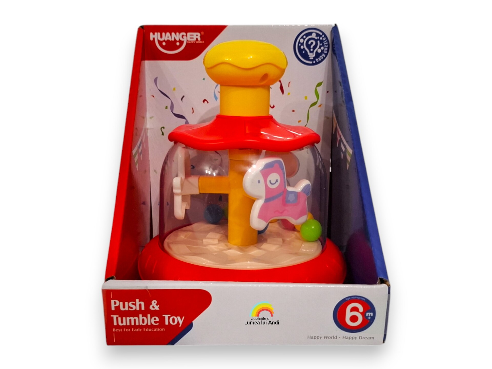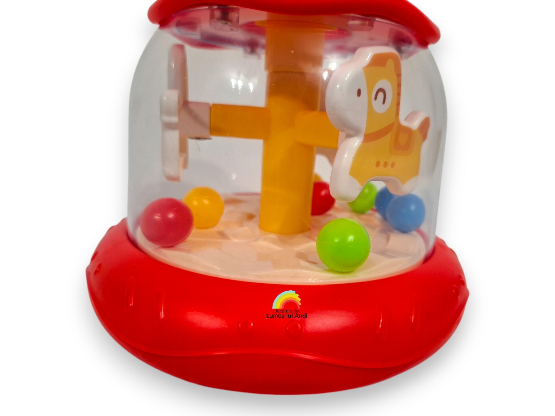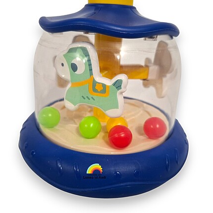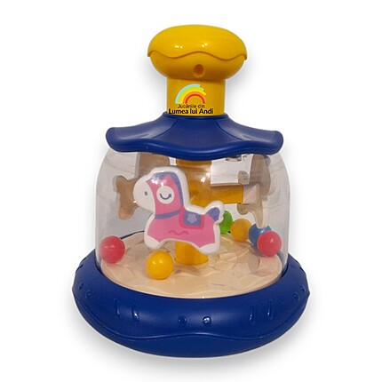După apăsarea butonului galben de deasupra caruselului, căluții se învârt ca într-un carusel adevărat, iar biluțele colorate „sar” în interiorul jocului garantându-le celor mici o distracție pe măsură.
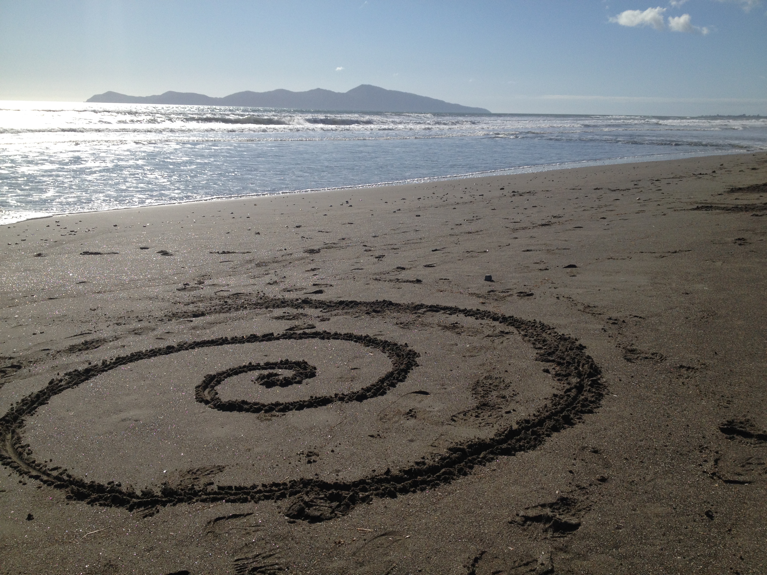 This photo includes Kapiti Island as seen from a beach in Paekakariki, about an hour north of Wellington. The body of water is the Tasman Sea. I drew the spiral, the koru in Maori, because I like the shape. It symbolizes among other things, new life with attention to both the center and the unfolding. And for this day, some simple fun with my son Isaac.
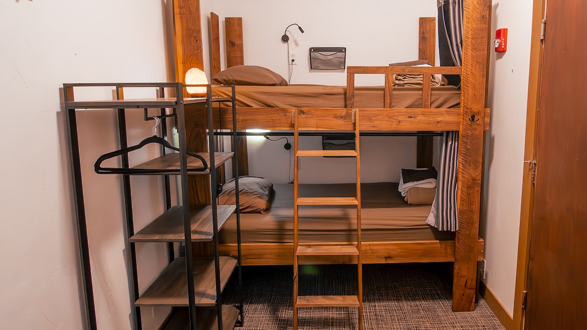 關於此空間 帶上你的團隊!此旅居是整間6床位雙層床房的私人出租。 這是滑雪旅行、單身派對或想住在一起而不分開酒店房間的朋友團體的終極經濟實惠選擇。 您可以享受自己鎖定房間的私隱,僅供您的團體使用,並結合Park City頂級精品旅舍的社交氛圍和高端設施。
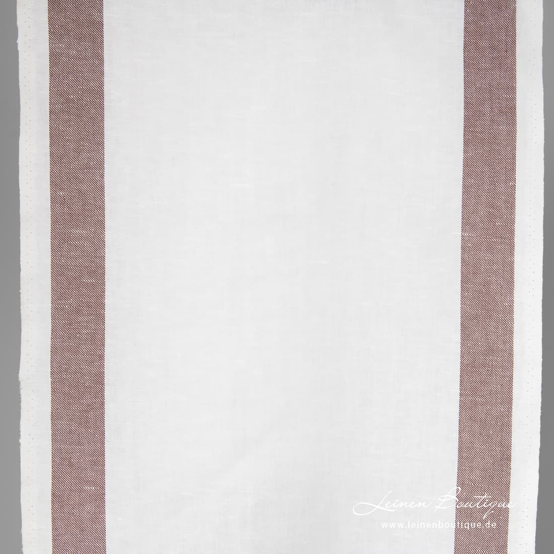 Schneeweißes Halbleinen mit braunen Streifen an den Kanten (breite 5cm). Der Stoff, den wir in Köperbindung gewebt haben, ist besonders reißfest, dicht. Ideal für Geschirr- und Küchentücher.
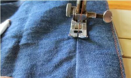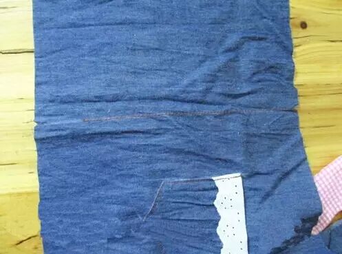 5、在前后裤片中间画一条直线,用牛仔线缝一道装饰线,到离裤脚口4厘米左右为宜。
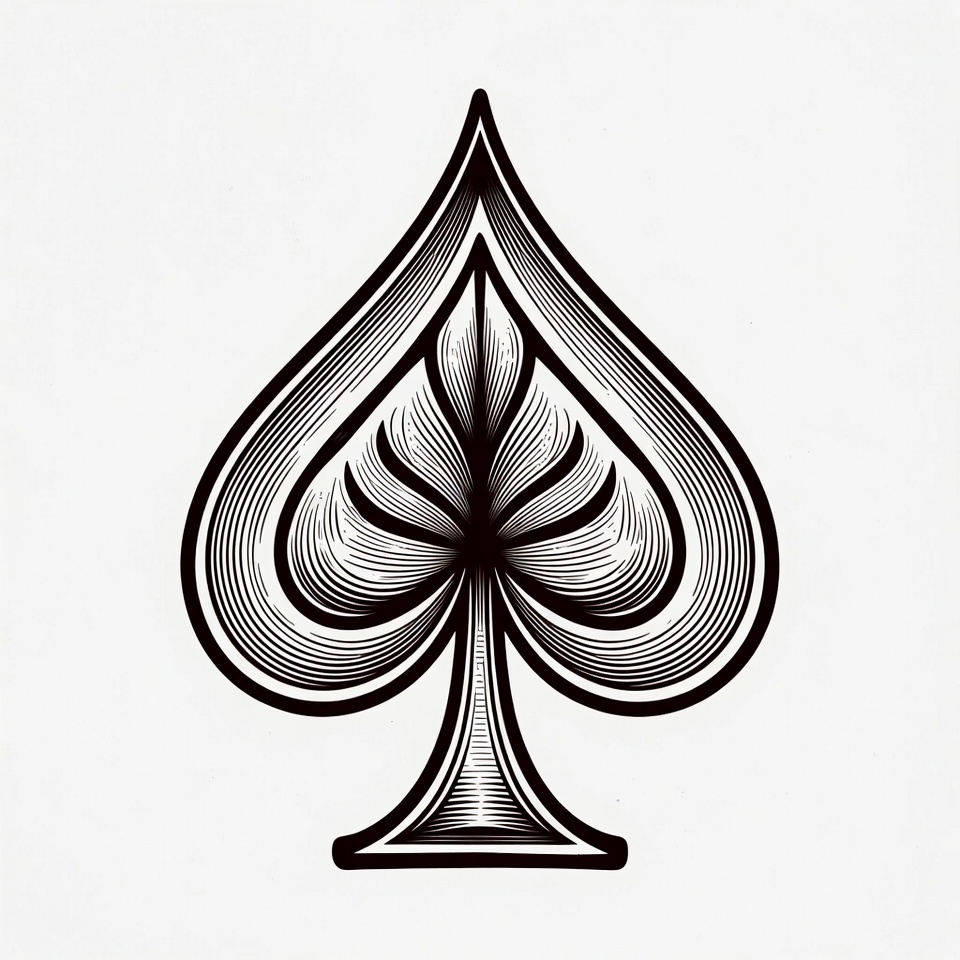 ace spades, black ink, card suit, casino, contour lines, detailed design, gaming, illustration, isolated background, line art, playing cards, poker, spade symbol, vector, spades
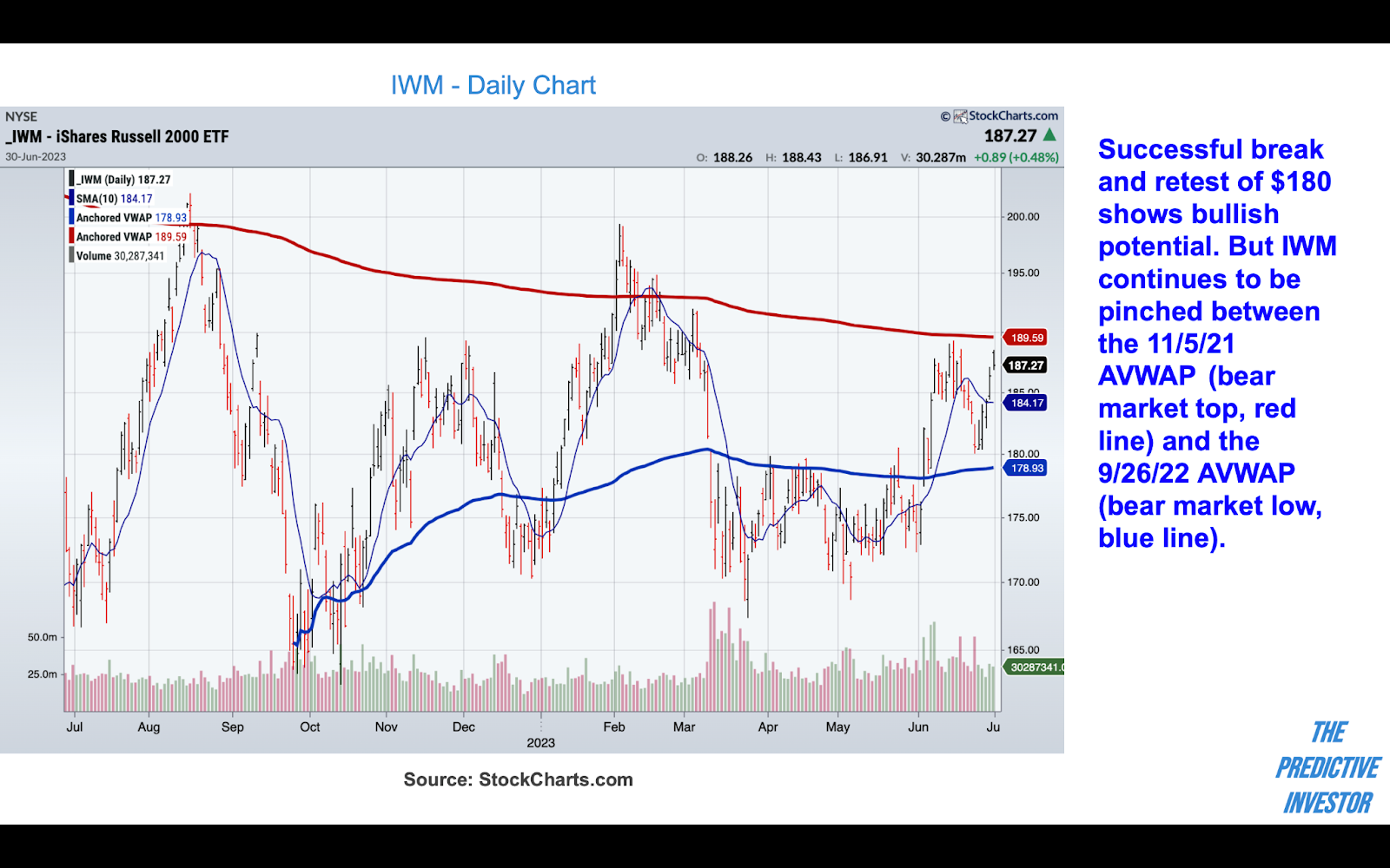 Last week saw a successful retest of $180, but IWM continues to be stuck between the cumulative average prices from the bear market top (red line) and bear market low (blue line). This is partially why we’ve been so cautious - the bulls are not yet in control of the small cap index.

----------

§ **TASK TO COMPLETE**: Make an exact copy of the lines from the one holding "ace spades, black" through the end of the material, both ends included, and keep the pictures out of it.

§ **RESPONSE TO THIS EXERCISE**:
 ace spades, black ink, card suit, casino, contour lines, detailed design, gaming, illustration, isolated background, line art, playing cards, poker, spade symbol, vector, spades
 Last week saw a successful retest of $180, but IWM continues to be stuck between the cumulative average prices from the bear market top (red line) and bear market low (blue line). This is partially why we’ve been so cautious - the bulls are not yet in control of the small cap index.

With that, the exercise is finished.